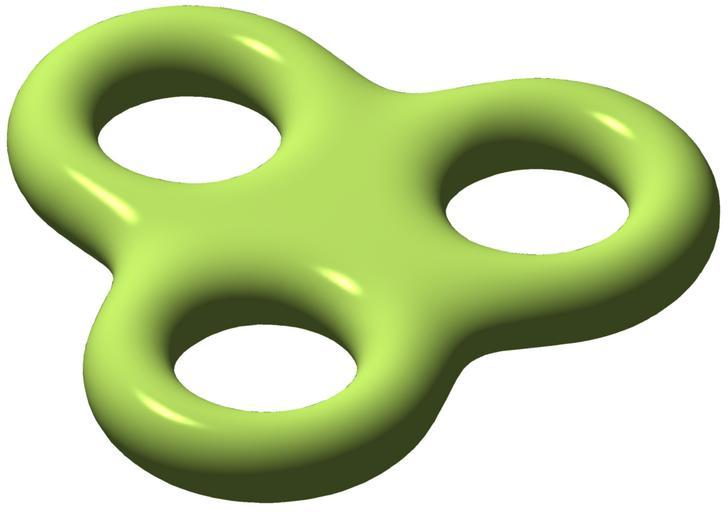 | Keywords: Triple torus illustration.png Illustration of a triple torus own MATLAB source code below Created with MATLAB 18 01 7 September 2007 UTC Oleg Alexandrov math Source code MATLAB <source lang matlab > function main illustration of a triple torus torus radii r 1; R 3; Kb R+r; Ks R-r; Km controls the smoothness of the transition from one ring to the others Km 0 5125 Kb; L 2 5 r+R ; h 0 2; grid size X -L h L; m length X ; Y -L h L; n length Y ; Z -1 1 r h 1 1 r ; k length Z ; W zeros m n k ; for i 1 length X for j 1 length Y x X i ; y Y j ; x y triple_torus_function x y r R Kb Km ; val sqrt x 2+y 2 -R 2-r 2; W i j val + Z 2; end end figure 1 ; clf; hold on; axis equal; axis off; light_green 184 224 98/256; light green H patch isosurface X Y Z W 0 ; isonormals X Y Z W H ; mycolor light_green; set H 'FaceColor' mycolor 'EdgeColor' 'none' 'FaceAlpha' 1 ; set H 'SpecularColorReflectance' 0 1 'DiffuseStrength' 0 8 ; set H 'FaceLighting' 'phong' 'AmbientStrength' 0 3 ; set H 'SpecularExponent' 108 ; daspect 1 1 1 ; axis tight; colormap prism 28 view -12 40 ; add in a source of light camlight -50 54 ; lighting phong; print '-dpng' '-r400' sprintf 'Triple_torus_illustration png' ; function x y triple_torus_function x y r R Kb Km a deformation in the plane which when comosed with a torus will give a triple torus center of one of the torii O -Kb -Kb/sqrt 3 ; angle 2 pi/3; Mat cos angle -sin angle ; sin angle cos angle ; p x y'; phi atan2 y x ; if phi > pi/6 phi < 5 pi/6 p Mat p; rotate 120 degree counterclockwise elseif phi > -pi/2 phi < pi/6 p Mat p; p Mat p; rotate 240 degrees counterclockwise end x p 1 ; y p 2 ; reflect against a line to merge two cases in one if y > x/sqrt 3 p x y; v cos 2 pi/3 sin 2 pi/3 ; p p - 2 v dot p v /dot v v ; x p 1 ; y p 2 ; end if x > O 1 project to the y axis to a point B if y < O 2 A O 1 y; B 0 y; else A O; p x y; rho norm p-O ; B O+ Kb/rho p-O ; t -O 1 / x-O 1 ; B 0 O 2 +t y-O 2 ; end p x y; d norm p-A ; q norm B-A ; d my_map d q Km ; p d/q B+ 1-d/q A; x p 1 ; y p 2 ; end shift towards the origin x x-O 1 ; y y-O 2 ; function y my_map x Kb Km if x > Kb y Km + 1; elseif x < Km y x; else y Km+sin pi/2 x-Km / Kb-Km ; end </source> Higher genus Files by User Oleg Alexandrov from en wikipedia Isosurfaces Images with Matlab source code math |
****************************************
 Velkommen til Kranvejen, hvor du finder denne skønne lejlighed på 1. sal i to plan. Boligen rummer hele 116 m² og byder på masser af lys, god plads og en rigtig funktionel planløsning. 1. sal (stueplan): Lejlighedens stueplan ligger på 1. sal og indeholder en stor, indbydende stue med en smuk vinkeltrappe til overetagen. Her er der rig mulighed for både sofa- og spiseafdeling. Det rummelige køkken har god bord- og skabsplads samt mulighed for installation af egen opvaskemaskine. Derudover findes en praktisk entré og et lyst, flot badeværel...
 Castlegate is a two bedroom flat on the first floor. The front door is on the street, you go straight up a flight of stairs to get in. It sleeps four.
****************************************
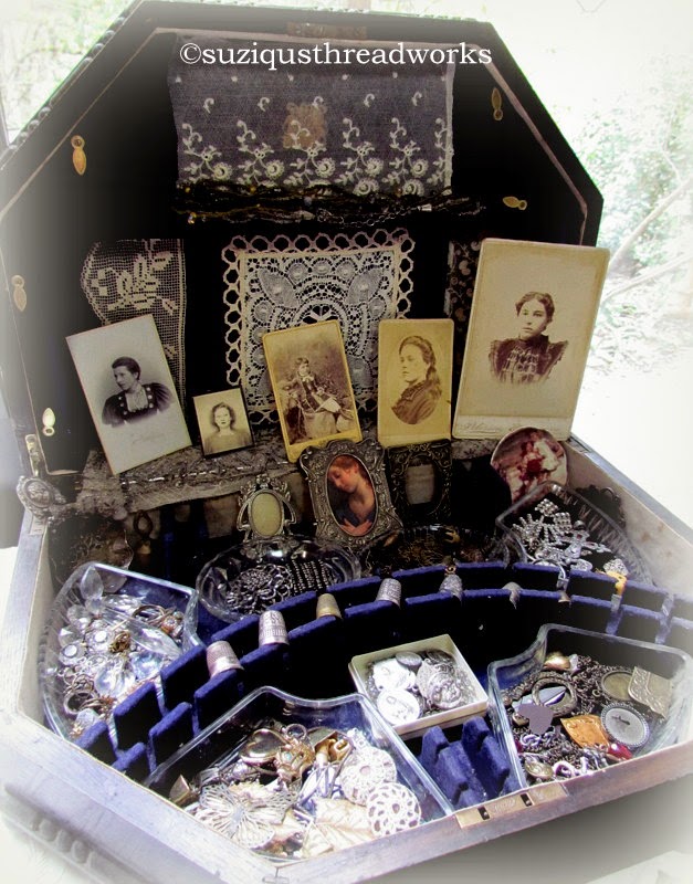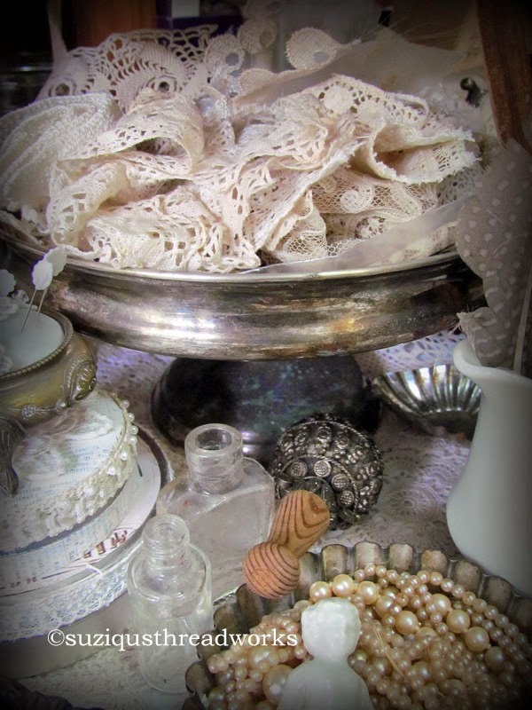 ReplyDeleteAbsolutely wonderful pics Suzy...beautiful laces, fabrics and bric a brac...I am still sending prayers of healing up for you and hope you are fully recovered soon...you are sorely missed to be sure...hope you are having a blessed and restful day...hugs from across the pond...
****************************************
WHAT YOU HAVE TO DO: Each line in the entries above, starting at the line with "Velkommen til Kranvejen, hvor" and ending at the line with "Castlegate is a", is to be printed exactly, and only those lines.

RESULT OF THE EXERCISE:
 Velkommen til Kranvejen, hvor du finder denne skønne lejlighed på 1. sal i to plan. Boligen rummer hele 116 m² og byder på masser af lys, god plads og en rigtig funktionel planløsning. 1. sal (stueplan): Lejlighedens stueplan ligger på 1. sal og indeholder en stor, indbydende stue med en smuk vinkeltrappe til overetagen. Her er der rig mulighed for både sofa- og spiseafdeling. Det rummelige køkken har god bord- og skabsplads samt mulighed for installation af egen opvaskemaskine. Derudover findes en praktisk entré og et lyst, flot badeværel...
 Castlegate is a two bedroom flat on the first floor. The front door is on the street, you go straight up a flight of stairs to get in. It sleeps four.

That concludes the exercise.